Chinese President Xi Jinping’s belt and road countries spans three continents, entails around $1.4 trillion of promised infrastructure investments and is ten times bigger than the US Marshall Plan that helped rebuild western Europe after the Second World War. In the fifth year of its implementation, the BRI effectively has established an inspirational global agenda with huge financial and geopolitical repercussions. At the core of the BRI is China’s attempt to remodel its own identity and to reconstruct global history. Chinese political elites view their country as a morally superior model of civilization with its own unique economic development path. Given this rhetoric — but also due to pragmatic needs — the normative and cognitive dimensions of China’s new strategic narrative require more scrutiny. However, while the growing alarmist assessments have largely overlooked the role of identity, ideology and history in the BRI, it is arguably more challenging for China’s leadership than geopolitical competition.
China’s changing identity
As China remains a ‘partial power’, the Chinese elites’ outward-looking ideology is ever evolving — their unsettled spirit mirrored in the ideational consequences of the BRI discourses: who they are and who they ought to become is wide open. Domestically, the BRI reinforces the search for a ‘natural’ Chinese identity and fuels the following questions: Is China a Eurasian or a Pacific country, or both, and what does this mean strategically and culturally? Should China, under the helm of the Communist party, act as a sovereign nation-state or a civilization? These questions are further complicated by the fact that the country’s citizens remain quite inward-oriented and do not necessarily support a globally engaged China. Moreover, whether a society that has culturally been a land animal since a Ming emperor in 1525 burned the magnificent treasure fleet of Zheng He to ashes can develop a seafaring civilization supportive of a future maritime power is questionable.

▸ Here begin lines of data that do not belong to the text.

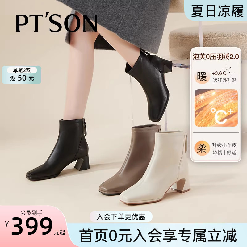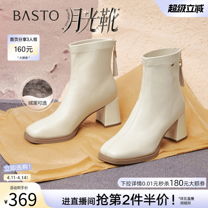 百丽班尼法式单靴春秋新款白色小短靴加绒瘦瘦靴高跟裸靴马丁靴子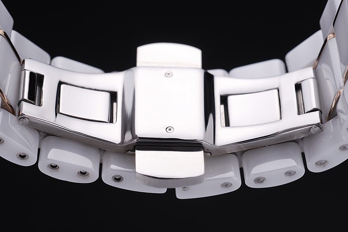 Bracelet céramique: blanc céramique et or rose bracelet lien avec Cartier High-Tech Ceramic gravé push-presse caché clasp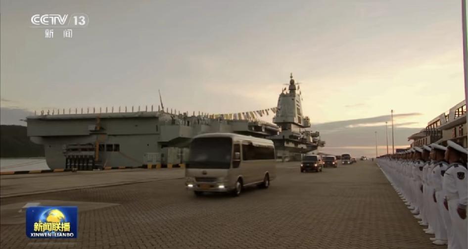 福建舰:我不要面子吗,一辆中巴遮住我一半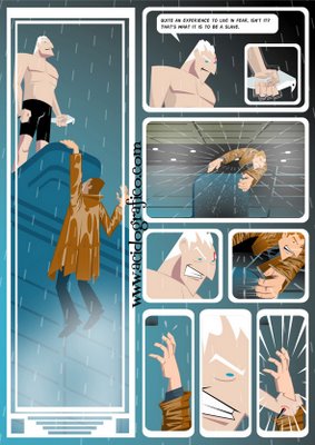 "It's been a long time since I start the idea of an adaptation, of Blade Runner to comics language and distribute it freely using the internet (only in dreams I would have money to pay the copyrights to publish it in the good ol' paper way). But doing it is more to satisfy myself 'cause I love this movie and when the Marvel comics adaptation came, I simply feel horrible about that work! So since that time, I dreamt of making my own version of the film. With my entrance in the world of digital art things sems to be more viable. The difference is instead of the gothic look the movie shows, I decided to put an art deco mood, inspired in the sceneries of Batman Animated and Dean Motter's Mr. X. It's been hard work, but I think i'm finished until the end of the year now!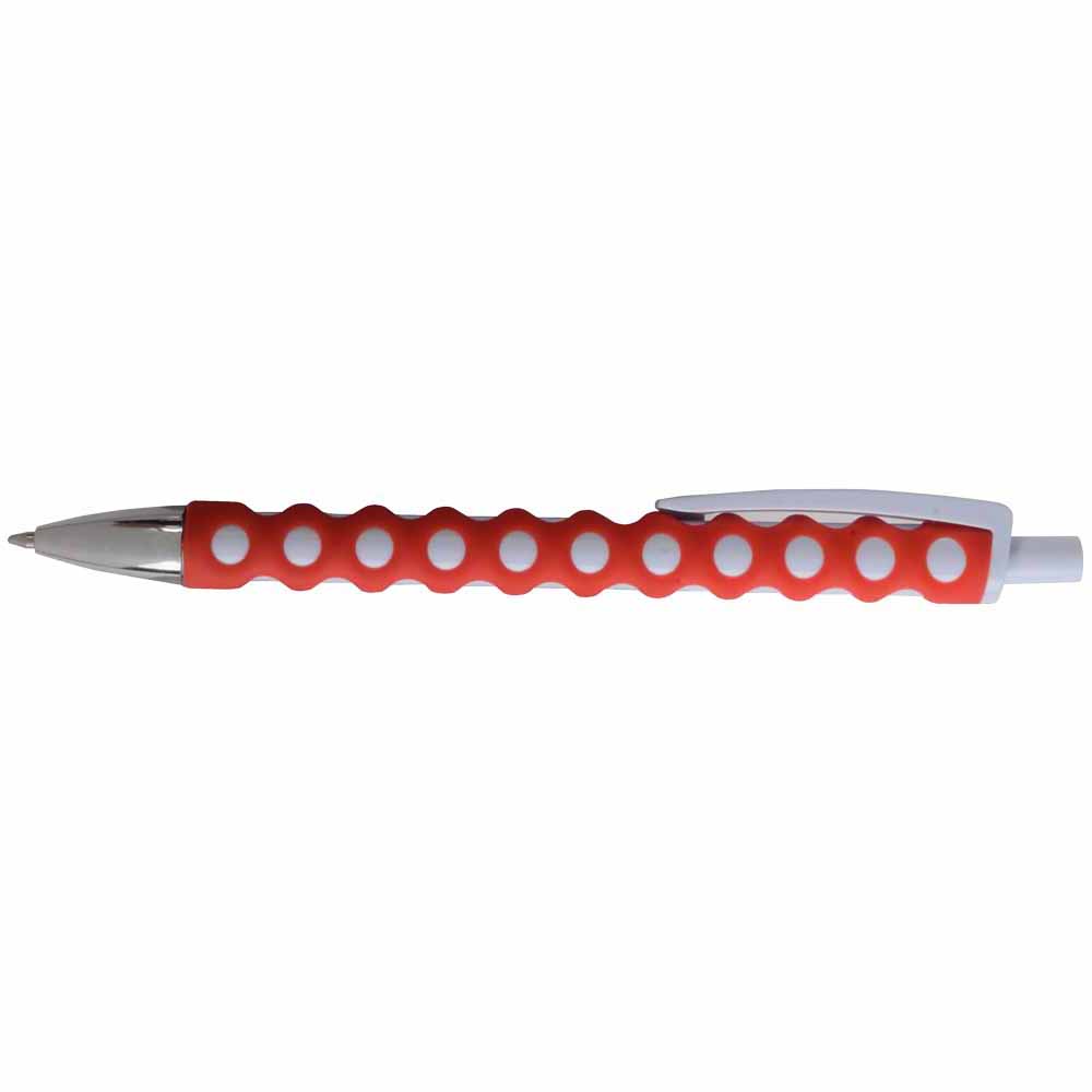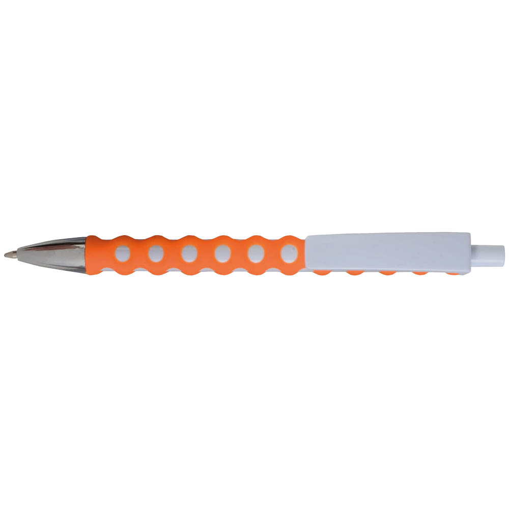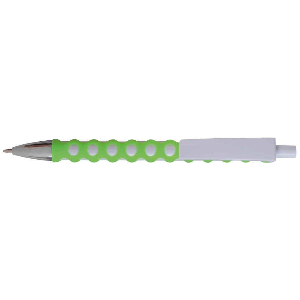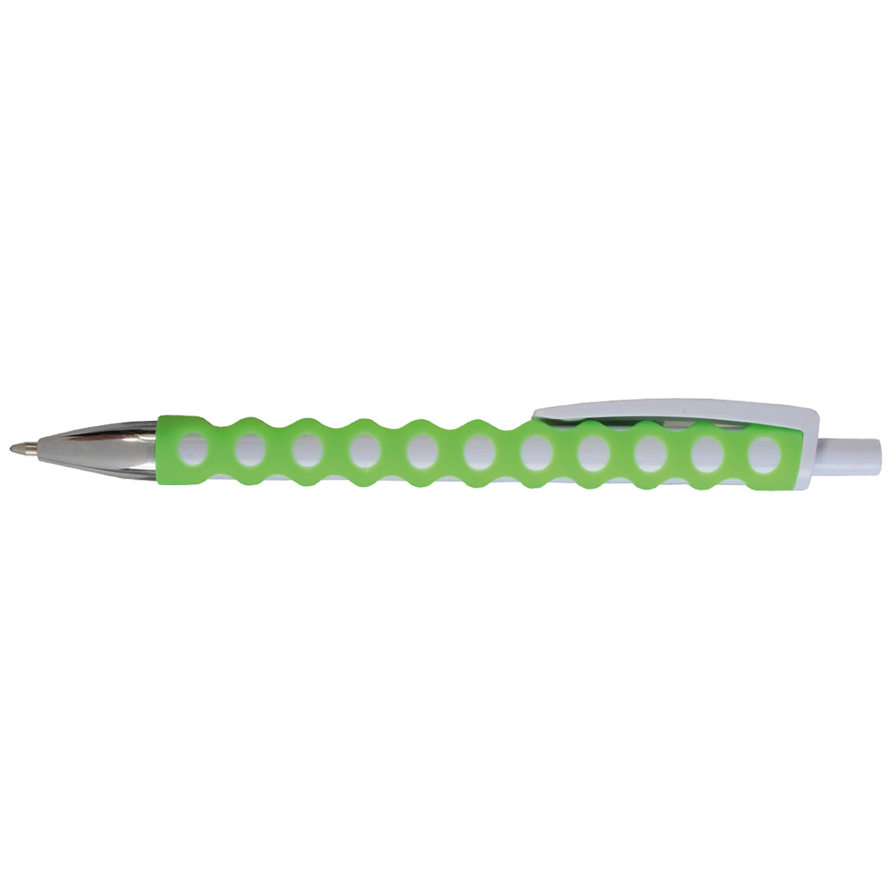 Penna a scatto in plastica con fusto, clip e pulsante bianchi, rivestimento gommato traforato colorato

So far, the historical narratives of BRI rhetoric indicate a return to a ‘primordial’, that is, original and natural, world order but under modern conditions. This includes the use of imagery of ancient Eurasian trade networks, which put China at the centre of a ‘community of human destiny: an envisioned hyper-interdependent globalized modernity coupled with a new type of moral order based on notions from ancient Chinese philosophy such as tianxia (all under heaven). Thus the identity under construction springs from the cultural and normative treasures of its long history as much as from its more recent successes of economic modernization. Yet, the inclusive aims of the notion of ‘community of human destiny’ notwithstanding, China’s historical statecraft causes suspicions. Not only do the corresponding tianxia discourses imply normative exceptionalism, but the side-lining of controversial aspects of history or the selection of one-sided representations can lead to unexpected controversies.